How to Lessen Your Capital Gains Tax
Aside from paying income tax and payroll tax, individuals who buy and sell personal and investment assets should also deal with the capital gains tax system. Capital gain rates can be about as much as regular income taxes. The good news is there are techniques to drive them down.
Below are helpful tips for minimizing your capital gains tax:
Wait a year (at least) before selling.
For capital gains to qualify for long-term status (and a tax rate cut), wait for at least one calendar year before you sell your property. Depending on your tax rate, you may be able to save 10% to 20%. If you sell stock with a $2,000 capital gain, for instance, and you are in the 28% income tax bracket and have owned the stock for longer than a year, you need to pay 15% on the transaction. If you’ve held the stock for hardly 12 month, you’ll pay $560 or 28% of $2,000 in taxes on the transaction.
Sell when your earnings are low.
Your income level affects the amount of long-term capital gains tax you are obliged to pay. Taxpayers within the 10% and 15% brackets don’t even have to pay long-term capital gains tax at all.
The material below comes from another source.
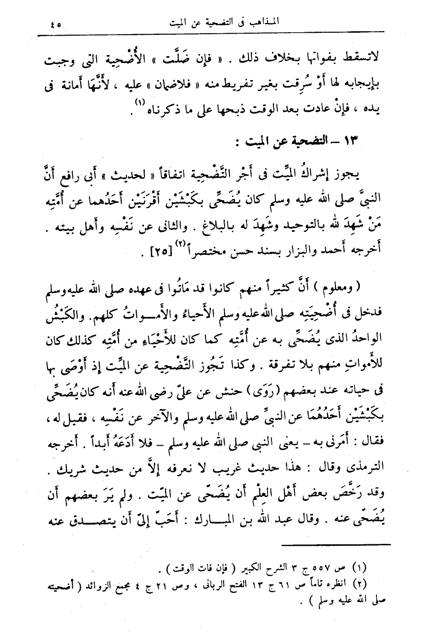 يجوز إِشراكُ المِّيت فى أَجْر التَّضْحِية اتفاقاً " لحديث " أَبى رافع أَنَّ النبىَّ صلى الله عليه وسلم كان يُضَحِّى بكَبْشَيْن أَقْرَنَيْن أَحَدُهما عن أُمَّتِه مَنْ شَهِدَ لله بالتوحيد وشَهِدَ له بالبلاغ. والثانى عن نَفْسِه وأَهل بيته. أَخرجه أَحمد والبزار بسند حسن مختصراً (¬2) {25}.
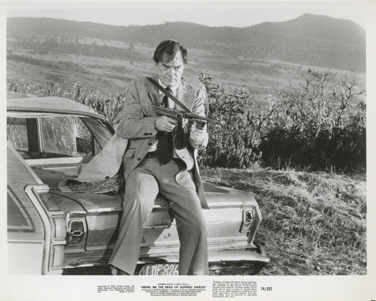 Bring Me the Head of Alfredo Garcia Gig Young with machine gun Sam Peckinpah Classic Original 8x10 Photo 1974 Near Mint Condition This item is an ORIGINAL 8x10 photo from the historic archives of Silver Screen Mementos. This original photograph was made in the actual year the film, television show or event was produced. The movie studios produced publicity photographs for distribution to the press, photo agencies and publicity departments to advertise the film/tv show or event. Very often original photos have press release information on the reverse of the photo - movie credits, description of the scene, event and people involved. This is a historic piece of cinema art and is being offered from one collector to another, no rights given or implied. Silver Screen are gradually releasing thousands of Original Photographs, Transparencies, Negatives, Lobby Cards, Posters, Magazines and other memorabilia from our historic archive. Powered by SixBit's eCommerce Solution Listing and template services provided by inkFrog

If your income level is going down -your spouse is about to go jobless, for example, or you’re almost retiring – sell during a low income year to reduce your capital gains tax rate.
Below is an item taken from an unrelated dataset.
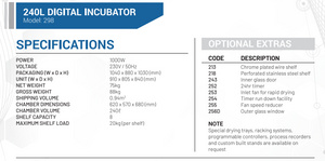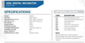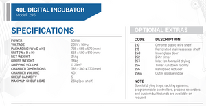 {"id":6075997552799,"title":"Digital Incubators","handle":"digital-incubators","description":"\u003ch3\u003eFeatures\u003c\/h3\u003e\n\u003cul\u003e\n\u003cli\u003eScientific general purpose incubators are ideal for use in fields of life science, pharmacy, clinical science, chemistry and biology \u003c\/li\u003e\n\u003cli\u003eThis unit ensure the highest accuracy essential in critical incubation processes \u003c\/li\u003e\n\u003cli\u003eS\/S 430 body construction with S\/S 304 interior \u003c\/li\u003e\n\u003cli\u003ePowder coated mild steel door and control panel\u003c\/li\u003e\n\u003cli\u003eRobust slam lock door handle\u003c\/li\u003e\n\u003cli\u003eFitted with adjustable hydraulic safety thermostat.\u003c\/li\u003e\n\u003c\/ul\u003e\n\u003cul\u003e\n\u003cli\u003eElectronic P.I.D Temperature control with digital indication of set and process value\u003c\/li\u003e\n\u003cli\u003eHigh accuracy PT 100 temperature sensor \u003c\/li\u003e\n\u003cli\u003eSolid state control relay for optimum reliability and rapid response \u003c\/li\u003e\n\u003cli\u003eDigital display of set and actual temperature to 0.1\u003cspan data-mce-fragment=\"1\"\u003e°C\u003c\/span\u003e\n\u003c\/li\u003e\n\u003cli\u003eOperating temperature +37°C to 110°C based on an ambient of 25°C\u003c\/li\u003e\n\u003cli\u003eTemperature variation across chamber +-1.0C\u003c\/li\u003e\n\u003cli\u003eFitted with adjustable hydraulic safety thermostat\u003c\/li\u003e\n\u003cli\u003eTempreature variation point at +-0.3\u003cspan data-mce-fragment=\"1\"\u003e°C\u003c\/span\u003e\n\u003c\/li\u003e\n\u003c\/ul\u003e\n\u003cp\u003e\u003cspan style=\"text-decoration: underline;\" data-mce-style=\"text-decoration: underline;\"\u003e\u003cstrong\u003eNote:\u003c\/strong\u003e\u003c\/span\u003e\u003c\/p\u003e\n\u003cul\u003e\n\u003cli\u003eTemperature variation figures are based on no load conditions at 100°C\u003c\/li\u003e\n\u003cli\u003eSupplied with 2 chrome plate steel wire shelves\u003c\/li\u003e\n\u003c\/ul\u003e","published_at":"2021-01-10T07:56:01+02:00","created_at":"2021-01-10T07:43:49+02:00","vendor":"Scientlab","type":"Hardware","tags":["Digital Incubators","Incubator","Incubators"],"price":0,"price_min":0,"price_max":0,"available":true,"price_varies":false,"compare_at_price":null,"compare_at_price_min":0,"compare_at_price_max":0,"compare_at_price_varies":false,"variants":[{"id":37517777797279,"title":"40L Digital Incubator","option1":"40L Digital Incubator","option2":null,"option3":null,"sku":"","requires_shipping":true,"taxable":true,"featured_image":{"id":32794257260703,"product_id":6075997552799,"position":7,"created_at":"2022-05-17T15:11:20+02:00","updated_at":"2022-05-17T15:11:20+02:00","alt":null,"width":1000,"height":1000,"src":"\/\/selectech.co.za\/cdn\/shop\/products\/40l-digital-incubator.jpg?v=1652793080","variant_ids":[37517777797279]},"available":true,"name":"Digital Incubators - 40L Digital Incubator","public_title":"40L Digital Incubator","options":["40L Digital Incubator"],"price":0,"weight":0,"compare_at_price":null,"inventory_management":"shopify","barcode":"","featured_media":{"alt":null,"id":25413623840927,"position":7,"preview_image":{"aspect_ratio":1.0,"height":1000,"width":1000,"src":"\/\/selectech.co.za\/cdn\/shop\/products\/40l-digital-incubator.jpg?v=1652793080"}},"requires_selling_plan":false,"selling_plan_allocations":[]},{"id":37517777830047,"title":"80L Digital Incubator","option1":"80L Digital Incubator","option2":null,"option3":null,"sku":"","requires_shipping":true,"taxable":true,"featured_image":{"id":32794258866335,"product_id":6075997552799,"position":8,"created_at":"2022-05-17T15:11:33+02:00","updated_at":"2022-05-17T15:11:33+02:00","alt":null,"width":1000,"height":1000,"src":"\/\/selectech.co.za\/cdn\/shop\/products\/80l-digital-incubator.jpg?v=1652793093","variant_ids":[37517777830047]},"available":true,"name":"Digital Incubators - 80L Digital Incubator","public_title":"80L Digital Incubator","options":["80L Digital Incubator"],"price":0,"weight":0,"compare_at_price":null,"inventory_management":"shopify","barcode":"","featured_media":{"alt":null,"id":25413625479327,"position":8,"preview_image":{"aspect_ratio":1.0,"height":1000,"width":1000,"src":"\/\/selectech.co.za\/cdn\/shop\/products\/80l-digital-incubator.jpg?v=1652793093"}},"requires_selling_plan":false,"selling_plan_allocations":[]},{"id":37517777862815,"title":"160L Digital Incubator","option1":"160L Digital Incubator","option2":null,"option3":null,"sku":"","requires_shipping":true,"taxable":true,"featured_image":{"id":32794259619999,"product_id":6075997552799,"position":9,"created_at":"2022-05-17T15:11:47+02:00","updated_at":"2022-05-17T15:11:47+02:00","alt":null,"width":1000,"height":1000,"src":"\/\/selectech.co.za\/cdn\/shop\/products\/160l-digital-incubator.jpg?v=1652793107","variant_ids":[37517777862815]},"available":true,"name":"Digital Incubators - 160L Digital Incubator","public_title":"160L Digital Incubator","options":["160L Digital Incubator"],"price":0,"weight":0,"compare_at_price":null,"inventory_management":"shopify","barcode":"","featured_media":{"alt":null,"id":25413626200223,"position":9,"preview_image":{"aspect_ratio":1.0,"height":1000,"width":1000,"src":"\/\/selectech.co.za\/cdn\/shop\/products\/160l-digital-incubator.jpg?v=1652793107"}},"requires_selling_plan":false,"selling_plan_allocations":[]},{"id":37517777895583,"title":"240L Digital Incubator","option1":"240L Digital Incubator","option2":null,"option3":null,"sku":"","requires_shipping":true,"taxable":true,"featured_image":{"id":32794260635807,"product_id":6075997552799,"position":10,"created_at":"2022-05-17T15:12:05+02:00","updated_at":"2022-05-17T15:12:05+02:00","alt":null,"width":1000,"height":1000,"src":"\/\/selectech.co.za\/cdn\/shop\/products\/240l-digital-incubator.jpg?v=1652793125","variant_ids":[37517777895583]},"available":true,"name":"Digital Incubators - 240L Digital Incubator","public_title":"240L Digital Incubator","options":["240

Limit your taxable income.
As your capital gain tax rate depends on your taxable income, general tax-savings methods can help you grab a nice rate. Increase your deductions, for instance, by giving to charity, getting pricey medical procedures before the year closes, or increasing your traditional IRA or 401k contributions.
Look as well for not-so-known deductions, like the moving expense deduction, which is for those who need to move for employment. Rather than buying corporate bonds, get bonds issued by municipalities, local governments and states, as the income they produce is non-taxable. There’s a whole bunch of potential tax breaks, so take time to check the IRS’s Credits & Deductions database to know which ones you may be qualified for.
Time your capital losses with your capital gains if possible.
One important feature of capital gains is that they’re diminished by any capital losses you incur within a specific year. If you use up your capital losses during the years you have capital gains, you can reduce your tax. There’s no cap on the amount of capital gains you can report, but you may only take $3,000 of net capital losses every tax year. You can carry additional capital losses into future tax years, however, although it may take a while before you can use those up if you’ve absorbed a substantial loss.